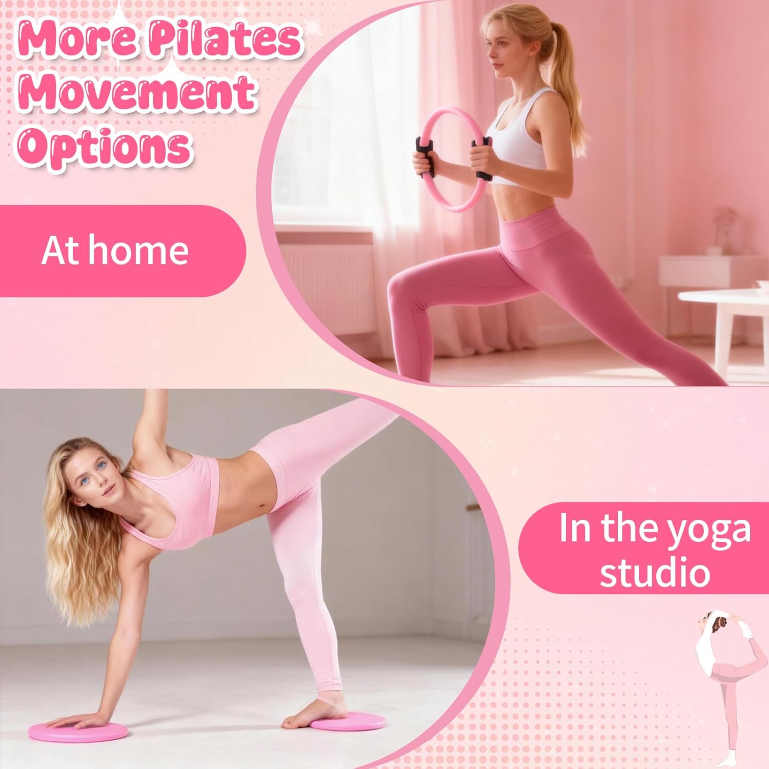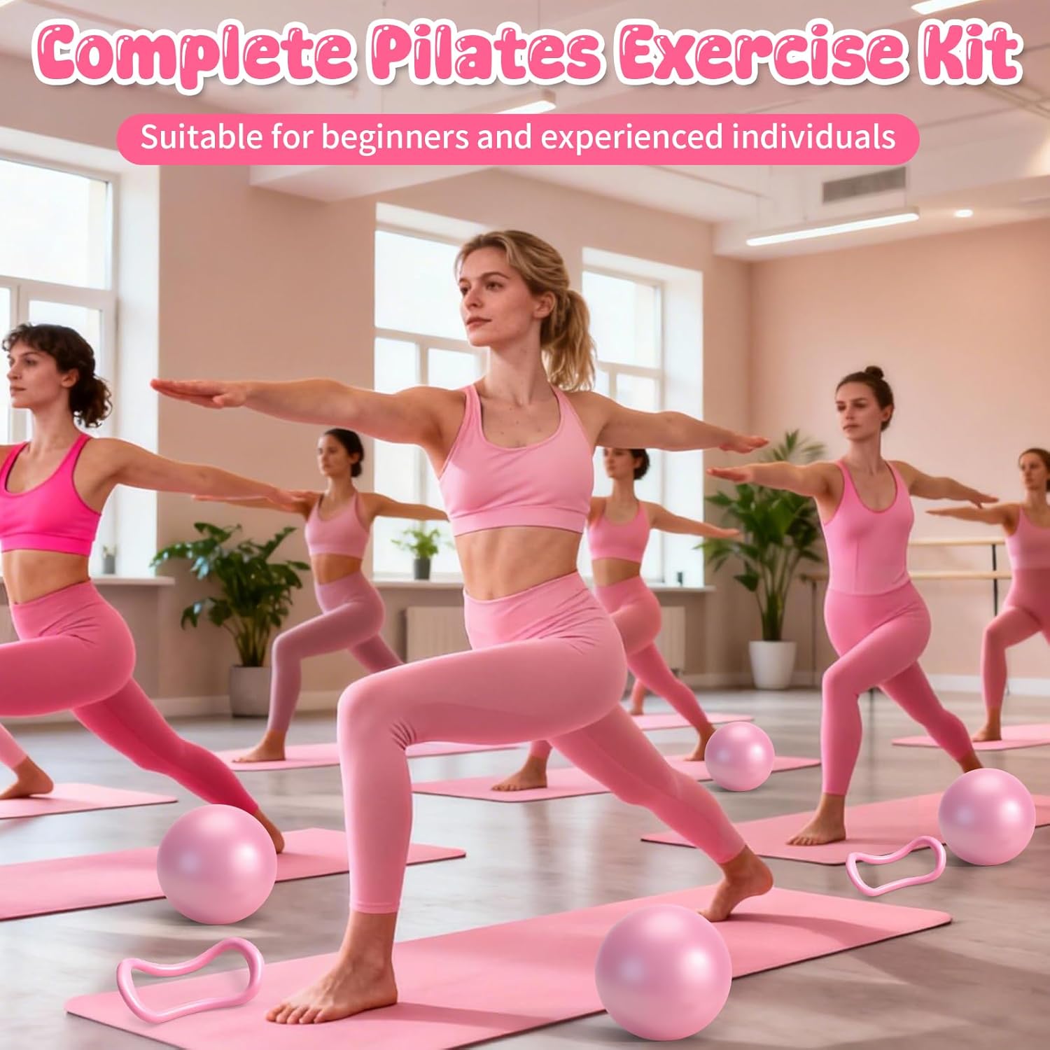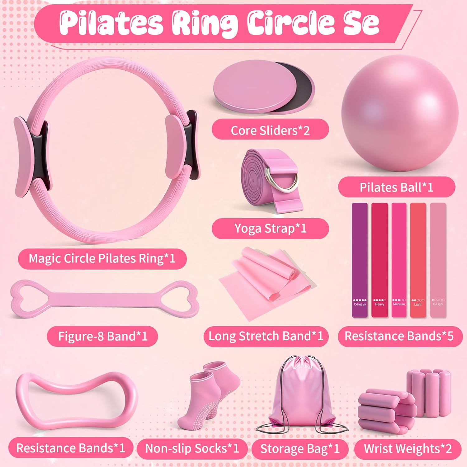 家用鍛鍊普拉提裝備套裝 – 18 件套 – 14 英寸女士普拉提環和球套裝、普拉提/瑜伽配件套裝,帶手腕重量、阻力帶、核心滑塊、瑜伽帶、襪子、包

******************************

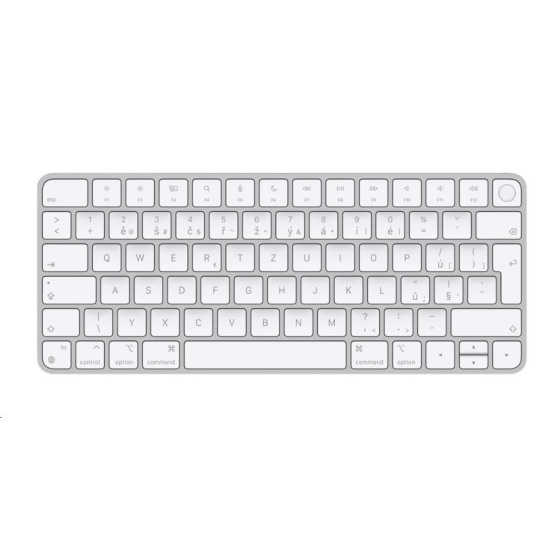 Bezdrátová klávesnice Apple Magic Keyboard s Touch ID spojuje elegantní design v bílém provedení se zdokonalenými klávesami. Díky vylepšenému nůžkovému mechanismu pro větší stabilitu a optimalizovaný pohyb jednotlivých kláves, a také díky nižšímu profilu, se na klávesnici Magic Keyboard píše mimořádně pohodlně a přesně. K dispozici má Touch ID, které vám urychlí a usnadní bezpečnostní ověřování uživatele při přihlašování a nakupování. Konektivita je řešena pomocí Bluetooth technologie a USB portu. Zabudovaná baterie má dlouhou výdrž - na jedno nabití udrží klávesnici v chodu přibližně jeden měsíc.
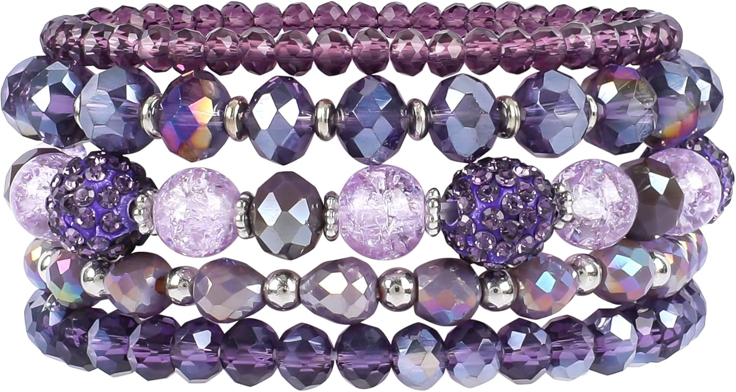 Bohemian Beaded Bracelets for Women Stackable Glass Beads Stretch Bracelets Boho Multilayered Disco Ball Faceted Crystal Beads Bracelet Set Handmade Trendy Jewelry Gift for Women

******************************

** Work to be completed **
In the listing above, find the line containing "Bezdrátová klávesnice Apple" and the line containing "Bohemian Beaded Bracelets", then print exactly those two lines and every line between them, minus the pictures.

** Output below **
 Bezdrátová klávesnice Apple Magic Keyboard s Touch ID spojuje elegantní design v bílém provedení se zdokonalenými klávesami. Díky vylepšenému nůžkovému mechanismu pro větší stabilitu a optimalizovaný pohyb jednotlivých kláves, a také díky nižšímu profilu, se na klávesnici Magic Keyboard píše mimořádně pohodlně a přesně. K dispozici má Touch ID, které vám urychlí a usnadní bezpečnostní ověřování uživatele při přihlašování a nakupování. Konektivita je řešena pomocí Bluetooth technologie a USB portu. Zabudovaná baterie má dlouhou výdrž - na jedno nabití udrží klávesnici v chodu přibližně jeden měsíc.
 Bohemian Beaded Bracelets for Women Stackable Glass Beads Stretch Bracelets Boho Multilayered Disco Ball Faceted Crystal Beads Bracelet Set Handmade Trendy Jewelry Gift for Women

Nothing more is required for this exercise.